- Data to use
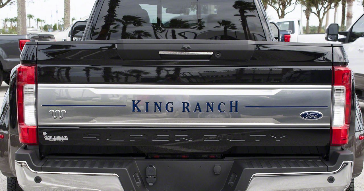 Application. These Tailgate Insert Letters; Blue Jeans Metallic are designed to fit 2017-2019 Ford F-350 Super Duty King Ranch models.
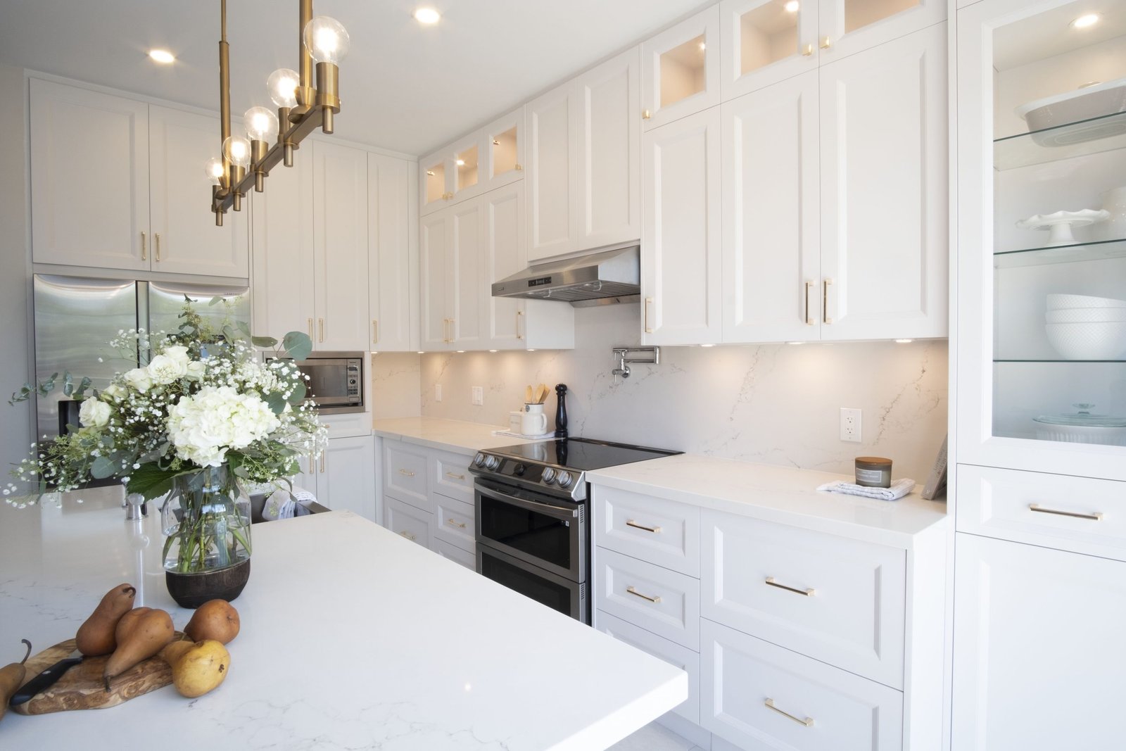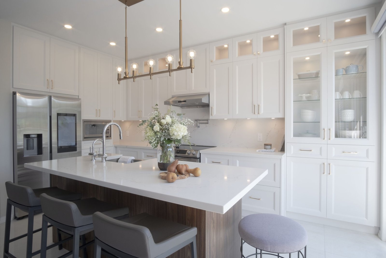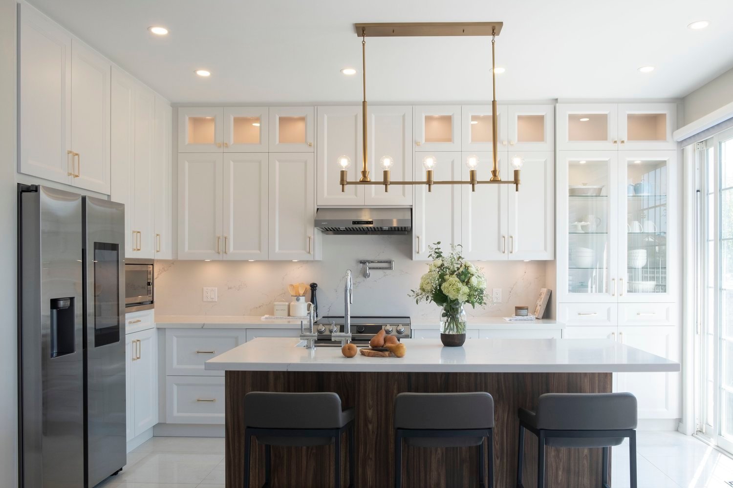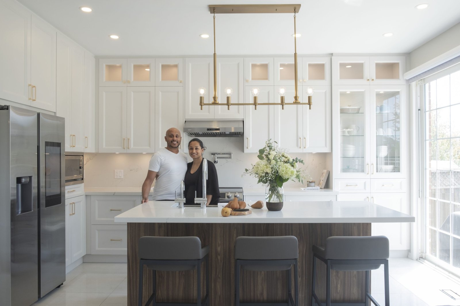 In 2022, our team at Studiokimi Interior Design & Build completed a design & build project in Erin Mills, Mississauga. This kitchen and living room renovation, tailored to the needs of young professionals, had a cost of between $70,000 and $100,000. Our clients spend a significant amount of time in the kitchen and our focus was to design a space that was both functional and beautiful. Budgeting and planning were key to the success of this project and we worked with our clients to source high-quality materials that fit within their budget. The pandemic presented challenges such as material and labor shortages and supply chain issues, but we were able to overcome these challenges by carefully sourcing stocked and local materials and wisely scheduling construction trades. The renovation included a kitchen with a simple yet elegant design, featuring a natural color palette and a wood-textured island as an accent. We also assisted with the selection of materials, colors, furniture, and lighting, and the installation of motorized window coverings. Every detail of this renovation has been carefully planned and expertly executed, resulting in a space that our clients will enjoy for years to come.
* * *
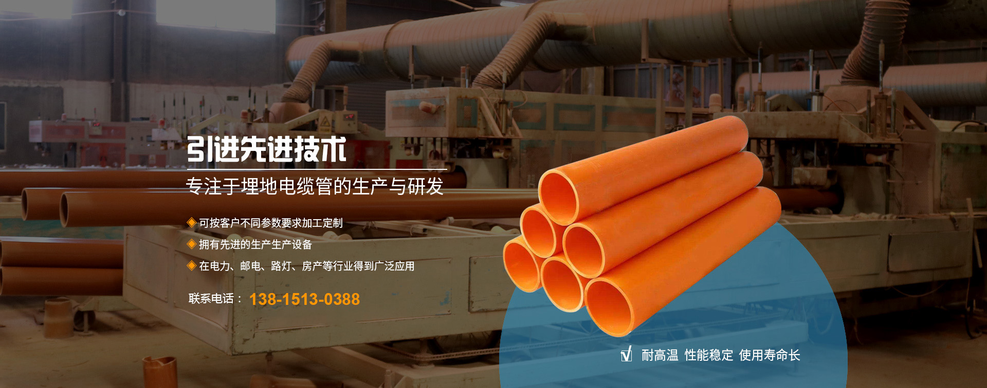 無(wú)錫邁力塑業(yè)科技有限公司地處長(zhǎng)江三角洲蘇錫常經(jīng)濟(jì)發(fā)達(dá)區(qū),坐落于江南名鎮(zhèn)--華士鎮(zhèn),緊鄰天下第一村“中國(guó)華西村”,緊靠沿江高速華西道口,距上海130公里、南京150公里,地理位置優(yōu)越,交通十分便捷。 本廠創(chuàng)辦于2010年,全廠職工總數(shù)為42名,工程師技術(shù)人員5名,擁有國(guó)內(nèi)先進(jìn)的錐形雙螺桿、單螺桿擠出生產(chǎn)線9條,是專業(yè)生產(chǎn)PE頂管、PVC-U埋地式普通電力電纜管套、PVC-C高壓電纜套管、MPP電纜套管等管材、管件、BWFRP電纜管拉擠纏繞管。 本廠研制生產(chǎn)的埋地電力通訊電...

- Task
What are the lines above from the one with "Application. These Tailgate" to the one with "In 2022, our", both included? Reproduce them exactly, without pictures.

- Result for this task
 Application. These Tailgate Insert Letters; Blue Jeans Metallic are designed to fit 2017-2019 Ford F-350 Super Duty King Ranch models.
 In 2022, our team at Studiokimi Interior Design & Build completed a design & build project in Erin Mills, Mississauga. This kitchen and living room renovation, tailored to the needs of young professionals, had a cost of between $70,000 and $100,000. Our clients spend a significant amount of time in the kitchen and our focus was to design a space that was both functional and beautiful. Budgeting and planning were key to the success of this project and we worked with our clients to source high-quality materials that fit within their budget. The pandemic presented challenges such as material and labor shortages and supply chain issues, but we were able to overcome these challenges by carefully sourcing stocked and local materials and wisely scheduling construction trades. The renovation included a kitchen with a simple yet elegant design, featuring a natural color palette and a wood-textured island as an accent. We also assisted with the selection of materials, colors, furniture, and lighting, and the installation of motorized window coverings. Every detail of this renovation has been carefully planned and expertly executed, resulting in a space that our clients will enjoy for years to come.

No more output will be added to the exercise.